The MacArthur Foundation's criteria for the awards, popularly known as "genius grants," include exceptional creativity and promise for important future advances based on a track record of significant accomplishment. The unusual level of independence afforded to the Fellows underscores the spirit of freedom intrinsic to creative endeavors.

"The new MacArthur Fellows illustrate our conviction that talented individuals, free to follow their insights and instincts, will make a difference in shaping the future," said Daniel J. Socolow, the director of the MacArthur Fellows Program. "As individuals, each is highly focused, tenacious, and creative. As a group, the new MacArthur Fellows are bold and risk-taking people changing our landscape and advancing our possibilities."

Candidates are nominated, evaluated and selected through a rigorous and confidential process. There are no restrictions on how the award funds are used.

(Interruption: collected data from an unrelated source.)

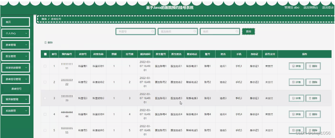 在患者挂号管理页面,管理员可以对预约编号、科室号、科室名称、票额、挂号费、就诊时间、医生账号、医生姓名、联系电话、账号、姓名、手机、身份证、是否支付等信息进行详情、删除等操作,如图5-11所示。
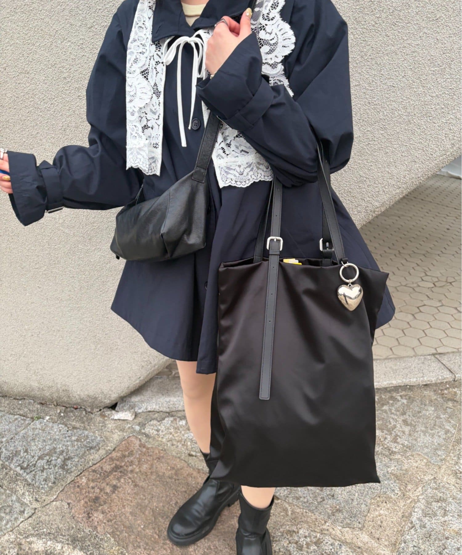 ⑤持ち手のベルトは片方が垂れ下がるアシンメトリーなデザイン
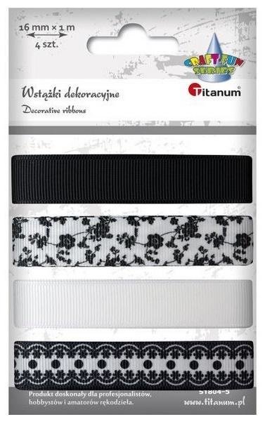 Wstążki rypsowe 4 kolory z nadrukiem 16mm 4x1m biała, czarna, kwiaty, koronka przeczytaj całość
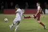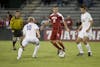Junior forward Will Bruin attempts a pass during IU's 1-0 win against Evansville Wednesday at Bill Armstrong Stadium.
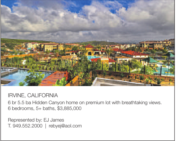 IRVINE, CALIFORNIA 6br5.5 ba Hidden Canyon home on premium lot with breathtaking views. 6bedrooms, 5+ baths, $3,885,000 Represented by: EJ James T. 949.552.2000 | rebyej@aol.com
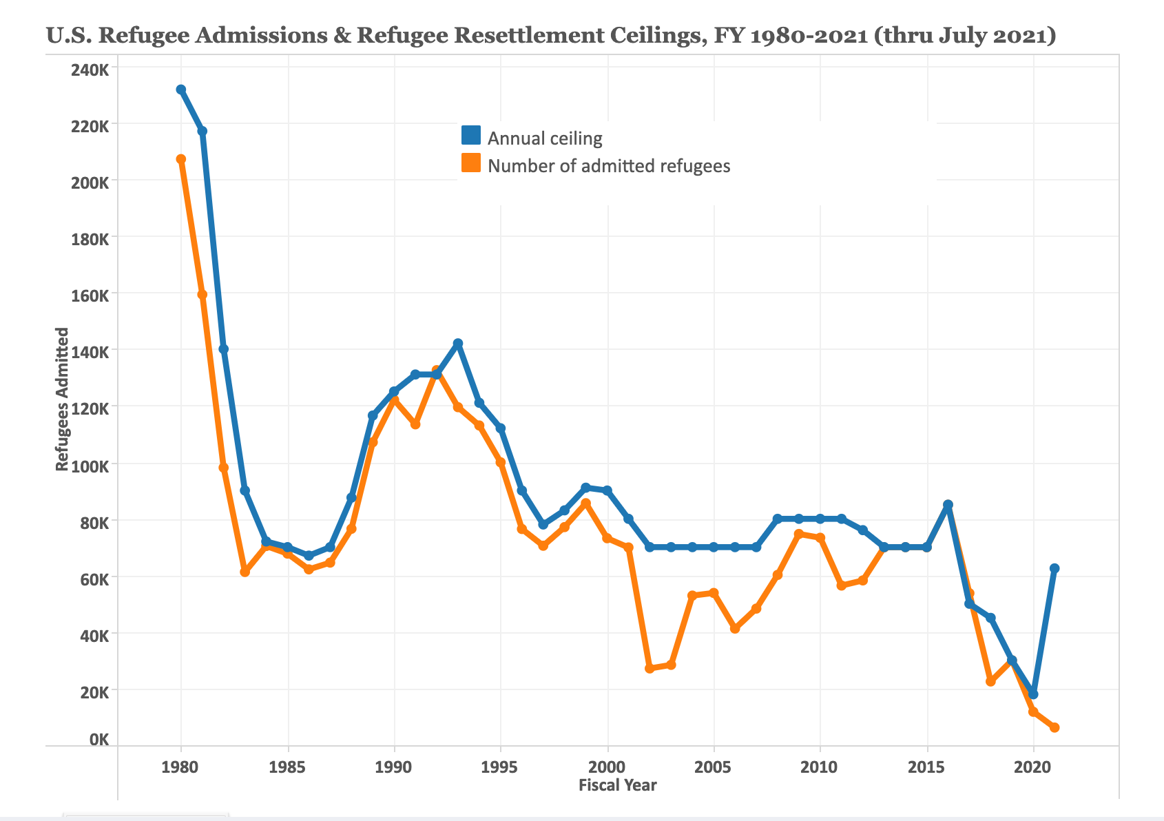 The blue line shows the legal ceiling that presidents set for annual arrivals; the orange line shows how many people actually came in.
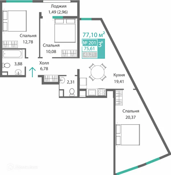 3 комн. квартира в Симферополе в ипотеку от 75 848 руб/месяц
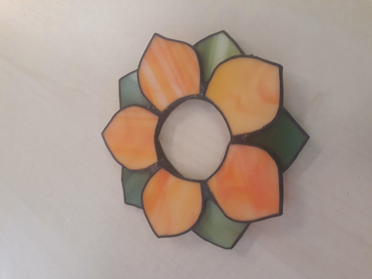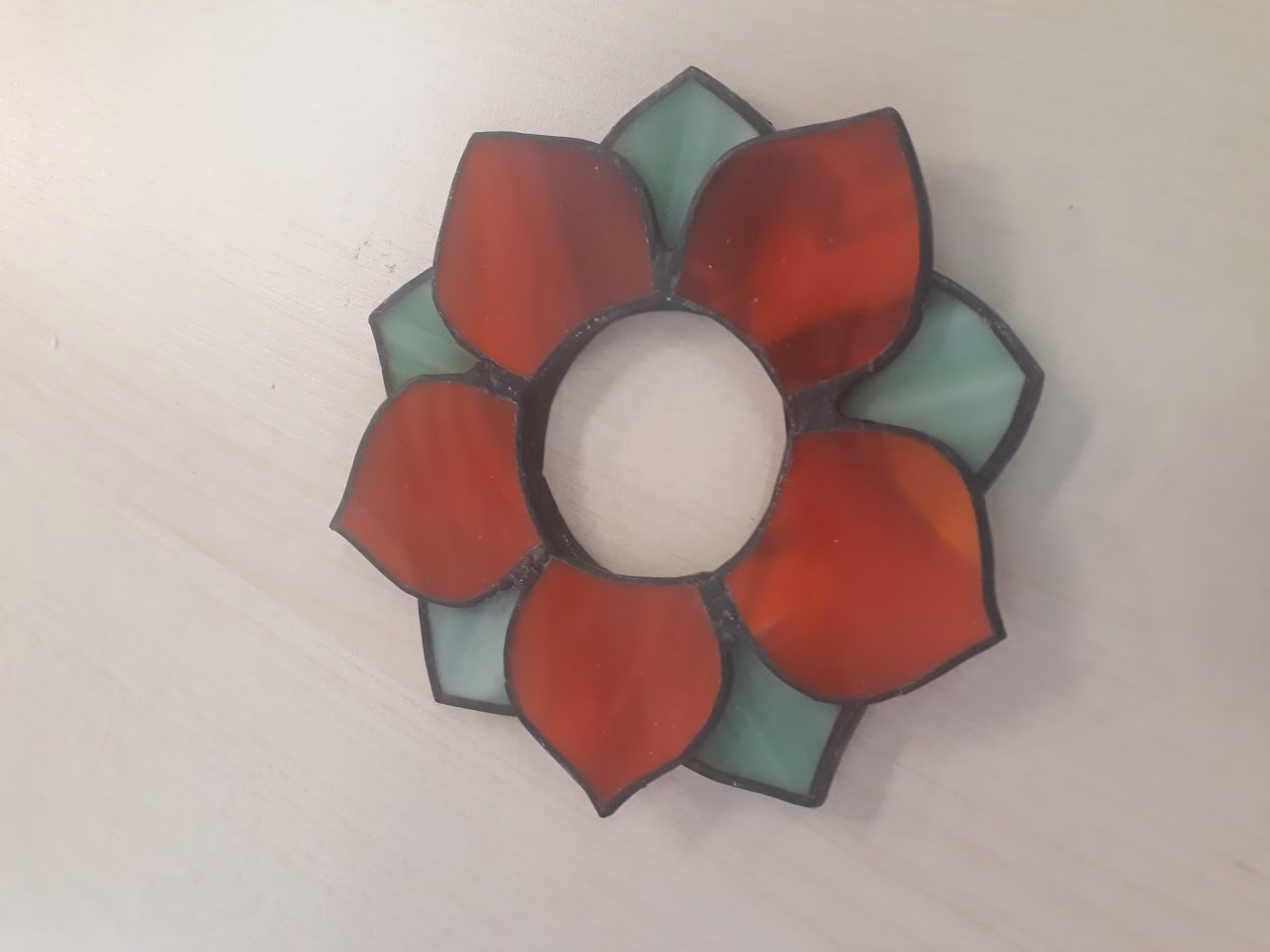 Tiffany technikával készült teamécses tartó.
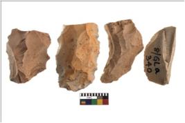 | Description / विवरण | Four worked flakes, some of them are irregular in shape whereas some are tapering at one end. |
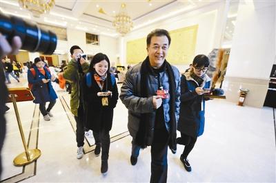 政協(xié)委員黃宏面對記者們的連續(xù)發(fā)問笑而不語 攝影/本報記者 魏彤

When she found out she had won, "I was stunned," Olopade said. She was just beginning a meeting with her research team when her cell phone rang. The caller asked her to call back as soon as she was alone. When she did, he explained about the prize, "and it just got nicer and nicer," she said. Then she had to go back to the lab, pretend nothing had happened and finish the meeting without spilling the news.

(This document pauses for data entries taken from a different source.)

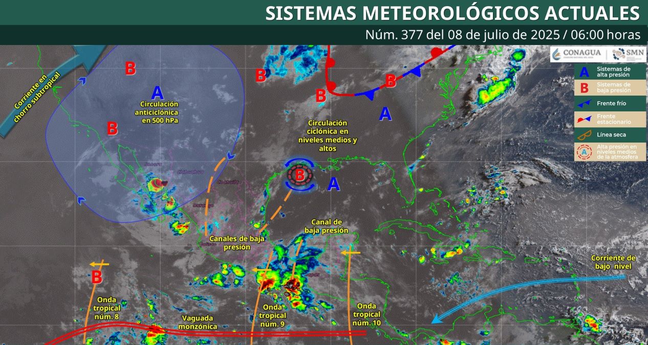 Por su parte, la onda tropical número 10 que se desplazará sobre la Península de Yucatán y el ingreso de humedad del mar Caribe y Golfo de México, en interacción con un canal de baja presión en el sureste mexicano, generarán lluvias puntuales muy fuertes en Chiapas y puntuales fuertes en Quintana Roo, Yucatán, Campeche y Tabasco
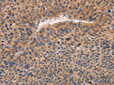 The image on the left is immunohistochemistry of paraffin-embedded Human lung cancer tissue using CSB-PA023292(ADAMDEC1 Antibody) at dilution 1/20, on the right is treated with fusion protein. (Original magnification: ×200)
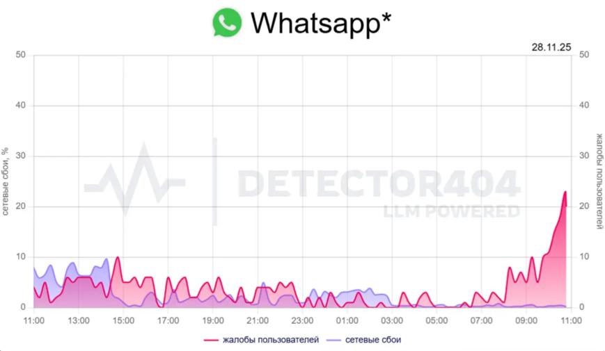 Всплеск жалоб на недоступность WhatsApp* зафиксировали профильные ресурсы мониторинга «Сбой.рф» и Detector404. Проблемы затронули крупнейшие города страны.
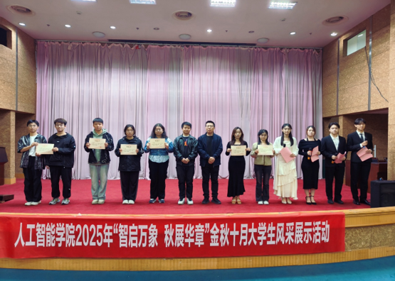 金秋十月大学生风采展示活动是我院迎新系列传统活动之一,活动的圆满举办充分表现了青年大学生的组织协作能力,也展现出25级新生的青春个性风采。未来,人工智能学院将持续开展形式多样、内涵丰富的校园文化活动,在科技与人文的交融中为我院学子创造更多展现自我、互助成长的实践机会,让青春的活力与创造力在积极向上的校园氛围中持续绽放,为学院发展注入源源不断的青春动能。

"This will make a big difference," Olopade said. "It will enable us to go back and forth from Nigeria much more often and to spread out into more countries. African genetics are so complex, so diverse. This will bring us a much bigger picture of the role of genetics, environment, and culture in this disease."

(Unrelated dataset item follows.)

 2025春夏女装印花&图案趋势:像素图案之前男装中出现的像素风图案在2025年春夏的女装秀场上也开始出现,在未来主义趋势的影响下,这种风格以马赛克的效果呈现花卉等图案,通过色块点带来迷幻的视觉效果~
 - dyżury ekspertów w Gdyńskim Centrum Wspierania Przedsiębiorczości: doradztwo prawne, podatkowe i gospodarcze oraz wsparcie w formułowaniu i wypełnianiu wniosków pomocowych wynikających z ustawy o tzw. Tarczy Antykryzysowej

Olopade grew up in Nigeria, retains close ties with cancer specialists there, and returns frequently to teach, for research, and to visit. She received her MD in 1980 from the University of Ibadan, Nigeria, and served as a medical officer at the Nigerian Navy Hospital in Lagos. In 1986, she completed an internship and residency at the Cook County Hospital, in Chicago, and trained in hematology and oncology as a postdoctoral fellow (1987-1991) at the University of Chicago, where she has been on the faculty since 1991.

Olopade has received many honors including the University of Ibadan Sir Samuel Manuwa Gold Medal for Excellence in the Clinical Sciences in 1980, the Association for Brain Tumor Research/Ellen Ruth Lebow Fellowship in 1990, the American Society for Clinical Oncology Young Investigator Award in 1991, and the James S. McDonnell Foundation Scholar Award in 1992 and the Doris Duke Distinguished Clinical Scientist Award in 2000. In 2003, she received the "Phenomenal Woman Award" in recognition of her work within the African-American community. She received the Heroes in Healthcare award from the Access Community Network in 2005.

Olopade, known by friends and colleagues as Funmi (FOON-me), is married to Dr. Christopher Sola Olopade, a physician at the University of Illinois at Chicago who specializes in the treatment of asthma and sleep disorders. They have three children and live near the University of Chicago in the Hyde Park-Kenwood neighborhood.

As one of the nation's largest private philanthropic foundations, the MacArthur Foundation has awarded more than $3 billion in grants since it began operations in 1978. Today it has assets of approximately $5 billion. Through the support it provides, the Foundation fosters the development of new knowledge, nourishes individual creativity, strengthens institutions, participates in the formation of effective policy, and provides information to the public, primarily through support for public interest media. Annual grantmaking totals approximately $175 million. The Foundation is named for John D. MacArthur (1897-1978), who developed and owned Bankers Life and Casualty Company and other businesses, as well as considerable property in Florida and New York.